Сэр Лоренс лукаво прищурил глаз.
– А Динни всегда такой и была. Вот почему я хочу, чтобы она позировала. Постоянство типа.
– Какого типа? – спросила леди Монт. – Только не будь типом, Динни: они такие скучные. Один человек даже Майкла звал типом; не знаю почему.
– А почему бы тебе, дядя, не заставить позировать тетю Эм? Она ведь куда моложе меня, правда, тетя?
– Не дерзи. Блор, мое виши.
– Дядя, сколько Бобби лет?
– Никто толком не знает. Около шестидесяти. Когда-нибудь, я думаю, его возраст установят, но с ним придется поступить, как с деревом: отпилить кусок ствола и сосчитать кольца. Уж не решила ли ты выйти за него замуж? Кстати, Уолтер – вдовец. В его жилах течет пуританская кровь; он новообращенный либерал, – материал легко воспламеняющийся.
– За Динни придется долго ухаживать, – сказала леди Монт.
– Можно мне встать из-за стола, тетя Эм? Мне надо сходить к Майклу.
– Скажи Флер, что я зайду завтра посмотреть на Кита. Я купила ему новую игру – называется «парламент», – это звери, и у них свои партии; пищат и ревут на разные голоса, и делают все невпопад. Премьер-министр у них зебра, а министр финансов – тигр, совсем полосатый. Блор, такси для мисс Динни.

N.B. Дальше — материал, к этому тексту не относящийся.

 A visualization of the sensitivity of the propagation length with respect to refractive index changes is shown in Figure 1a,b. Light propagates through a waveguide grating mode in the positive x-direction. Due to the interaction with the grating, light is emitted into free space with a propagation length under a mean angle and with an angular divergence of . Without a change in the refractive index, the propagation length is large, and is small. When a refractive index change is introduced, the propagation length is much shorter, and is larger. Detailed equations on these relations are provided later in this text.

Майкл был в парламенте, но Флер оказалась дома. Она объявила, что предисловие Блайза уже послано Бобби Феррару. Что касается боливийских дипломатов, – посланник еще не вернулся, но поверенный в делах обещал неофициально поговорить с Бобби. Он был так убийственно вежлив, что Флер никак не могла угадать, что он думает. Она сомневается, думает ли он вообще.
Вернувшись домой, Динни все еще чувствовала себя как на иголках. По-видимому, судьба Хьюберта целиком в руках Бобби Феррара, а ему под шестьдесят, он ко всему привык и давно утратил пыл красноречия. Ну, а может, это к лучшему? Взывать к чувствам Уолтера, пожалуй, было бы неправильно. Здесь, наверно, требуется хладнокровие, точный расчет, умение намекнуть мимоходом на неприятные последствия и тонко обрисовать возможные выгоды. Ах, в общем, она совершенно себе не представляет, что руководит помыслами власть имущих. Послушать Майкла, Флер, сэра Лоренса, – они делают вид, будто это понимают, но Динни подозревала, что и они разбираются в этом ничуть не лучше ее. Все, по-видимому, висит на волоске, зависит от прихоти и тончайшей смены настроений. Динни легла в постель, но так и не заснула.

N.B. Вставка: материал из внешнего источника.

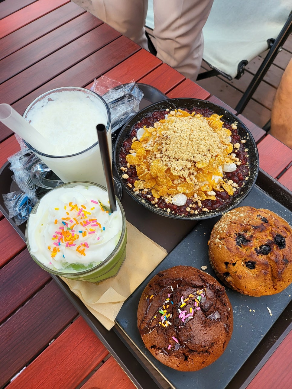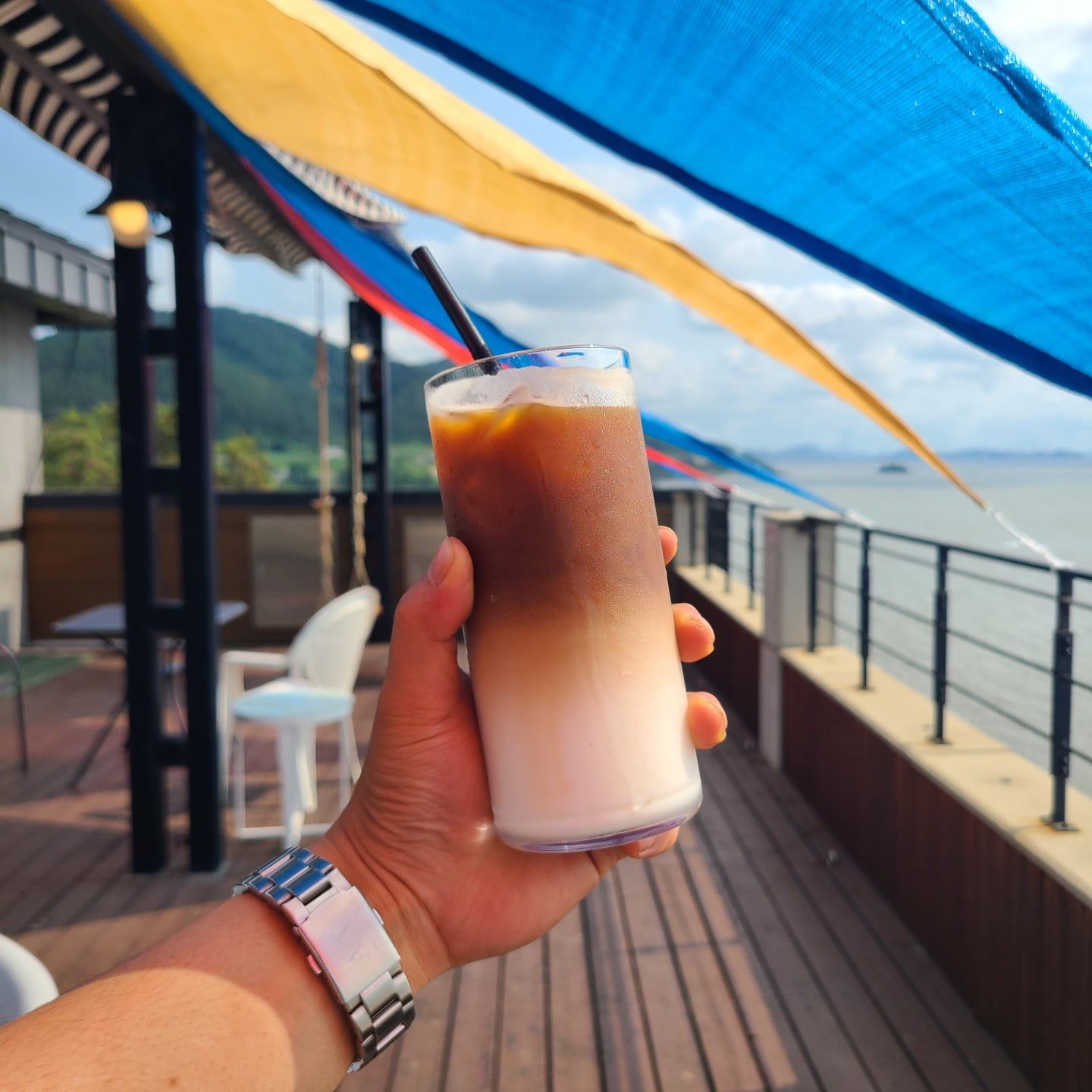 선쉐이드가 펼쳐져 있어 그늘도 형성되어 있고 바람이 정말 많이 불어서 더운 기운 하나없이 시원한 음료도 같이 마셔 보고 빙수를 먹다보니 덥진 않았습니다 ㅎㅎ

Прошел еще день. И как матрос, чье судно долго дрейфовало в ожидании попутного ветра, вдруг просыпается утром и видит надутые паруса, так и Динни за завтраком обнаружила у своего прибора конверт без марки со штампом: «Министерство иностранных дел». Она распечатала его и прочла:
«Дорогая мисс Черрел,
Вчера я вручил министру внутренних дел дневник вашего брата. Он обещал вечером его прочитать и примет меня сегодня в шесть. Если вы придете в министерство иностранных дел без десяти шесть, мы сможем отправиться к нему вместе.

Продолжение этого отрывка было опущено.